We conclude that Garcetti does not — indeed, consistent with the First Amendment, cannot — apply to teaching and academic writing that are performed “pursuant to the official duties” of a teacher and professor. We hold that academic employee speech not covered by Garcetti is protected underthe First Amendment, using the analysis established in Pickering.
In so deciding, the Ninth Circuit joins the Fourth Circuit, signalling a reasonably strong movement in this direction.
What does this mean? It means that, for public university professors, their rights revert to what they were before Garcetti — to the Pickering-Connick test, rather than a blanket loss of rights to speak on job-related issues. This is hugely important: had then Ninth Circuit ruled the other way, then the state could fire professors at will if it didn't like, for instance, the stance that a history professor took about a historical event, or a political science professor took about a political dispute, or any professor took about an issue of academic governance on a committee.

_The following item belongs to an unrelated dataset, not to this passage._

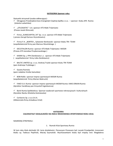 KATEGORIA Sponsor roku: Statuetki otrzymali (osoba odbierająca) : Okręgowe Przedsiębiorstwo Energetyki Cieplnej Spółka z o.o. – sponsor klubu APS Rumia (Jolanta Ludwińska) „OTLOGISTIC” S.A. sponsor ATS Małe Trójmiasto (Prezes Jacek Klimczak) Firma „EUROCAPITAL 24” Sp. z o.o. sponsor ATS Małe Trójmiasto ( prezes Zarząd Dariusz Hrynckiewicz) Firma F.H. „BORTEX „ Sylwester Borkowski- sponsor klubu TRI- TEAM (współwłaściciel firmy pan Mariusz Musińskiego ) DECATHLON Rumia- sponsor ATS Małe Trójmiasto i MOSiR (Prezes ATS Jarosław Przyborowskiego ) KAMIX Sp. j. PPH Zienkiewicz L.J. sponsor ATS Małe Trójmiasto ( współwłaściciel firmy Lidia Zienkiewicz) BALTIC UNITED sp. z o.o. Andrzej Trylski sponsor klubu TRI-TEAM (pan Andrzeja Trylskiego ) Gazeta Rumska (pani redaktor Emilia Samulska) BOB-Rollo- sponsor imprez sportowych MOSiR Rumia (współwłaściciel firmy Marian Bobrucki) FAKO S.A. Rumia- sponsor imprez sportowych MOSiR Rumia i MKS ORKAN Rumia (dyrektor handlowy pan Krzysztof Ingielewicza) Bank Rumia Spółdzielczy- Sponsor wydarzeń sportowo-rekreacyjnych i kulturalnych (Dyrektor Banku Wioletta Kośniewska) Corleonis Sp. z o.o.S.K.A. (Właściciela firmy Arkadiusz Ertel) KATEGORIA CAŁOKSZTAŁT DZIAŁALNOŚCI NA RZECZ ŚRODOWISKA SPORTOWEGO ROKU 2016: NAGRODĘ OTRZYMALI: 1. Rumski Klub Sportowy Rumia W tym roku klub obchodzi 20- lecie działalności. Pierwszym Prezesem był: Leszek Przedpełski, trenerami klubu są: Tadeusz Pepliński, Maciej Szymański. Wychowankami klubu byli między inni: Magdalena 1 Zdrojewska, Jakub Ciskowski, Marta Jeschke, Adam Falkowski, Katerina Thomaidu, Aleksandra Dżugan, Joanna Walas, Joanna Dżugan, Alicja Doczekalska, Nina Piesik. Trenerem był również Piotr Taube. 2. UKS „SIÓDEMKA” Rumia W tym roku klub obchodzi 20- lecie działalności. Trenerzy i instruktorzy oraz działacze UKS „Siódemka” Rumia zajmują się szkoleniem dzieci i młodzieży w biegu na orientację. W roku 2016 roku trenowało 84 zawodniczek i zawodników. Efektem wieloletniej działalności klubu było przyznanie organizacji Mistrzostw Świata Juniorów w Biegu na Orientację. KATEGORIA SPORTOWO-ARTYSTYCZNA PROMOCJA MIASTA NA ARENIE MIĘDZYNARODOWEJ W 2016: NAGRODĘ OTRZYMAŁ: UKS MASTA DANCE Grupa CZAROWNICE reprezentująca Uczniowski Klub Sportowy „Masta Dance” zdobyły Mistrzostwo Europy, Wicemistrzostwo i 2 II Wicemistrzostwa w kategorii contemporary showcases juveniles, jazz dance showcases juveniles. KATEGORIA SPORTOWA PROMOCJA MIASTA RUMI W 2016: NAGRODĘ OTRZYMAŁO: GIMNAZJUM NR1 Za zajęcie II miejsca we Współzawodnictwie Szkół Gimnazjalnych Województwa Pomorskiego KATEGORIA SPORTOWE WYDARZENIE ROKU 2016 OTRZYMALI: 1. Fundacja FOR DREAM w Rumi za organizację: II Pucharu Świata Zawodowców w Armwrestlingu oraz II Pucharu Świata w Siłowaniu na Ręce Osób Niepełnosprawnych. 2. Rugby Klub Arka Rumia za pokazowy mecz Rugby na wózkach „z nami nie ma ograniczeń”. 3. MKS Orkan Rumia za organizację Festynu Sportowo – rekreacyjnego z okazji obchodów 40-lecia działalności klubu. 4. Akademia Tenisa stołowego Małe Trójmiasto za organizację II Memoriału Jerzego Zienkiewicza w tenisie stołowym. 5. Taneczny Klub Sportowy CREATIVE DANCE RUMIA za organizację GRAND PRIX POLSKI i IV OGÓLNOPOLSKI TURNIEJ O PUCHAR BURMISTRZA MIASTA RUMI. 2 KATEGORIA „NAJLEPIEJ ZAPOWIADAJĄCY SIĘ SPORTOWIEC MŁODEGO POKOLENIA” NAGRODY OTRZYMALI: 1. ZUZANNA SADOWSKA Zawodniczka Rugby Klub Arka Rumia, powołana do Kadry Narodowej Kobiet U16. Zdobyła II i III Miejsce Młodzieżowym Turnieju Beach Rugby Gdynia. Prosimy o podejście Zuzannę Sadowską 2. WERONIKA KONEFKA Siatkarka, czołowa zawodniczka młodziczek APS RUMIA. Prosimy o podejście Weronikę Konefkę 3. NATALIA MŁODAK Zawodniczka RKS RUMIA, lekkoatletka uprawiająca bieg 200 metrów przez płotki. Prosimy o podejście Natalię Młodak 4. DAWID ZAWIDOWSKI Zawodnik kickboxingu Klubu Champion Gdańsk, srebrny medalista Pucharu Europy w kickboxingu. Prosimy o podejście Dawida Zawidowskiego 5. DOMINIK BIELAWA zawodnik TRI TEAM – uprawia pływanie na dystansach 100 i 200 metrów stylem klasycznym. Członek Kadry narodowej Polski juniorów młodszych. Zdobył srebrny i brązowy medal Mistrzostwach Polski Juniorów Młodszych stylem klasycznym. Prosimy o podejście Dominika Bielawę 6. GRZEGORZ ŻUREK Zawodnik UKS SIÓDEMKA, Mistrz Polski w biegu sztafetowym juniorów młodszych i w biegu dystansowym M16. Członek Kadry Polski Juniorów. Prosimy o podejście Grzegorza Żurek. KATEGORIA „ DRUŻYNA ROKU” NAGRODĘ OTRZYMAŁ: Zespół młodziczek Akademii Piłki Siatkowej Rumia. Zdobywczynie Mistrzostwa Polski Młodziczek w Piłce Siatkowej. KATEGORIA SPORTOWA OSOBOWOŚĆ ROKU 2016: NAGRODY OTRZYMALI: Jolanta Król – za całokształt działalności na rzecz sportu i rekreacji , menager sportu z 30-letnim stażem pracy w MOSiR, działacz SL SALOS Rumia od 21 lat. Jan Nowicki pełniący funkcję Dyrektora MOSiR Rumia od 29lat, Prezes TKKF „ORZEŁ” aktywnie działający na rzecz rozwoju tenisa ziemnego w Rumi 3 KATEGORIA Dla Niepełnosprawnego Sportowca Roku 2016: NAGRODĘ OTRZYMAŁ: KONRAD KRAWCZUK Zawodnik Gdyńskiego Klubu „Złoty Tur”, który zajął piąte miejsce w siłowaniu na lewą i prawą rękę w Pucharze Świata w siłowaniu na ręce Osób Niepełnosprawnych. WYRÓŻNIENIE SPECJALNE ZA AWANS DRUŻYNY PIŁKI NOŻNEJ DO IV LIGI W SEZONIE 2015/2016 NAGRODĘ OTRZYMAŁ: Miejski Klub Sportowy ORKAN RUMIA. W KATEGORII „ NAJLEPSZA SZKOŁA WE WSPÓŁZAWODNICTWIE SPORTOWYM SZKÓŁ PODSTAWOWYCH WOJEWÓDZTWA POMORSKIEGO W ROKU SZKOLNYM 2015/2016” NAGRODĘ OTRZYMAŁA SZKOŁA PODSTWOWA NR 9 zajęła w punktacji Wojewódzkiej Szkół Podstawowych 73 miejsce zdobywając 79 punktów na 395 sklasyfikowane szkół W KATEGORII „ NAJLEPSZA SZKOŁA WE WSPÓŁZAWODNICTWIE SPORTOWYM SZKÓŁ GIMNAZJALNYCH WOJEWÓDZTWA POMORSKIEGO W ROKU SZKOLNYM 2015/2016” NAGRODĘ OTRZ

I would argue it means more as well. As I noted above, the Pickering-Connick test is contextual and considers the importance of the speaker's interest in the speech and the circumstances of the speech. Demers stands for the position that a professor's interest in free speech in the academic environment is uniquely important and entitled to the highest level of First Amendment protection. The Ninth Circuit quoted the Supreme Court in Keyishian v. Board of Regents:
Our Nation is deeply committed to safeguarding academic freedom, which is of transcendent value to all of us, and not merely to the teachers concerned. That freedom is therefore a special concern of the First Amendment, which does not tolerate laws that cast a pall of orthodoxy over the classroom. "The vigilant protection of constitutional freedoms is nowhere more vital than in the community of American schools."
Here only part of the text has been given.